Опасаясь приближаться к силовой стене и пустоте за ней, Манмут очень медленно вел «Смуглую леди» вперед, всеми прожекторами освещая погибшее судно, в то время как приборы уже сканировали его внутренности.
– Что-то не так, – пробормотал европеец вслух по личной связи.
– Что не так? – поинтересовался Орфу.
– Подлодка заросла анемонами, внутри кишит подводная живность, но, судя по всему, подлодка затонула век с лишним, а не два с половиной тысячелетия назад.
– Неужели на ней могли плавать около ста лет назад? – спросил гигантский краб.
– Нет. Разве что все наши наблюдатели ошибались. Последние две тысячи лет «старомодные» люди почти не знали технологий. Даже если бы кто-нибудь наткнулся на субмарину и вышел в океан, кто бы ее потопил?
– Может, «посты»?
– Не похоже, – сказал Манмут. – Они бы не стали действовать так грубо: торпеды, глубинные бомбы… И не оставили бы в таком состоянии боеголовки с черными дырами.

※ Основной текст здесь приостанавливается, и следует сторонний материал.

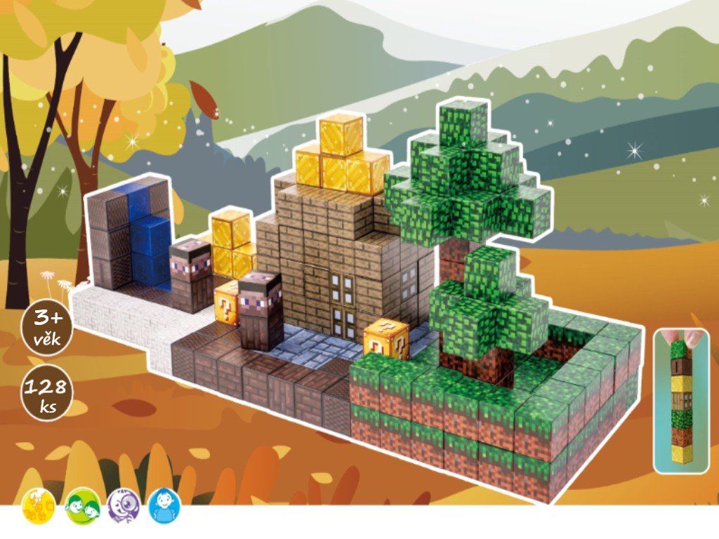 Rozšiřte svět fantazie a tvoření se sadou magnetických kostek v designu oblíbené virtuální hry, která přináší mnoho možností, nápadů a zábavy. Díky pevným magnetům a promyšlené konstrukci mohou děti stavět nejen jednoduché tvary, ale i složité budovy, vesničky či originální stavby podle vlastní fantazie.
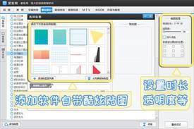 在“叠加素材”-“加贴图”面板下双击右侧的视频预览区,在弹出框中即可导入软件自带的贴图,除此之外,点击贴图框左下角的“添加贴图至列表”还可以导入个人本地图片。
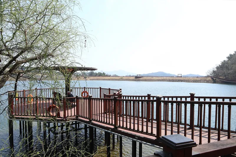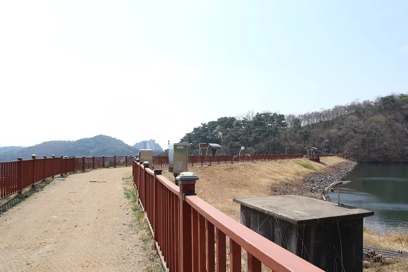난간이 설치 되어 있는 는 길에서 보는 저수지의 평온한 풍경이 아름다운 곳이다.
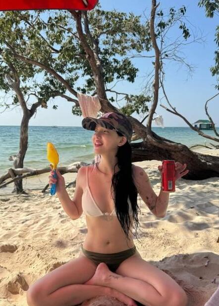 공개된 사진에는 해변에서 휴가를 즐기고 있는 지민의 모습이 담겨 있었다. 지민은 카키색과 흰색을 매치한 비키니를 입고 나무 위에 오르면서 장난기 넘치는 모습을 보여줬다. 긴생머리 스타일에 모자를 더해 센스 있는 비키니 패션을 완성했다.

– Но боеголовки все еще здесь, – напомнил товарищ. – Пора за работу.
– Погоди, – отозвался капитан.
Он послал на погибшее судно дистанционно управляемые машинки не крупнее собственной ладони, и вот с них потекла информация. Одно из устройств как раз подключилось к ИскИну в центре управления.
Между прочим, Манмут и Орфу прослушали прощальные речи двадцати шести членов экипажа, готовых запустить баллистические снаряды и уничтожить свою планету.
Когда голоса стихли, моравеки с минуту сидели молча.
– О, что за мир, где есть такие люди![79] – в конце концов прошептал иониец.
– Сейчас я спущусь и подготовлю тебя к выходу, – без выражения произнес капитан. – Посмотрим вблизи, что можно сделать.
– Заглянем на сушу? – предложил Орфу. – В эту Брешь?
– Ни в коем случае, – заявил Манмут. – А вдруг силовое поле нас уничтожит? Приборы моей «Леди» даже не способны определить, как оно устроено. И потом, поверь на слово: на суше от нее будет мало проку. Так что я и близко не подойду.
– Кстати, ты видел воздушные снимки носа развалины, присланные со шлюпки? – спросил гигантский краб.
– Конечно. Они передо мной, на экране. Нос не на шутку поврежден, однако это нас не касается, – ответил европеец. – То, что нам нужно, располагается у кормы.
– Да нет, я говорю про то, что валяется вокруг, на земле, – возразил иониец. – Может, мои радары не так хороши, как твои оптические глаза, только один из валунов очень уж смахивает на человека.
Манмут уставился на экран и быстро перебрал бесчисленные снимки, сделанные с космошлюпки, прежде чем она улетела.
– Это был человек, – сообщил он, – но давным-давно умер. Тело сплющено, обезвожено, конечности неестественно вывернуты. Или же мы обманываемся, принимаем желаемое за действительное. Странных камней там хватает.
– Ладно, – откликнулся иониец, решив не отвлекаться от главного. – Как мне подготовиться?
– Оставайся на месте, – ответил маленький моравек. – Я к тебе спущусь, и выйдем наружу вместе.
«Смуглая леди» вонзила короткие ножки в океанское дно примерно в десяти метрах западнее кормы затонувшего судна. Орфу недоумевал, как моравеки выберутся наружу, если дверь прорезана в брюхе подлодки, но капитан легко разрешил его сомнения, удлинив посадочные шасси.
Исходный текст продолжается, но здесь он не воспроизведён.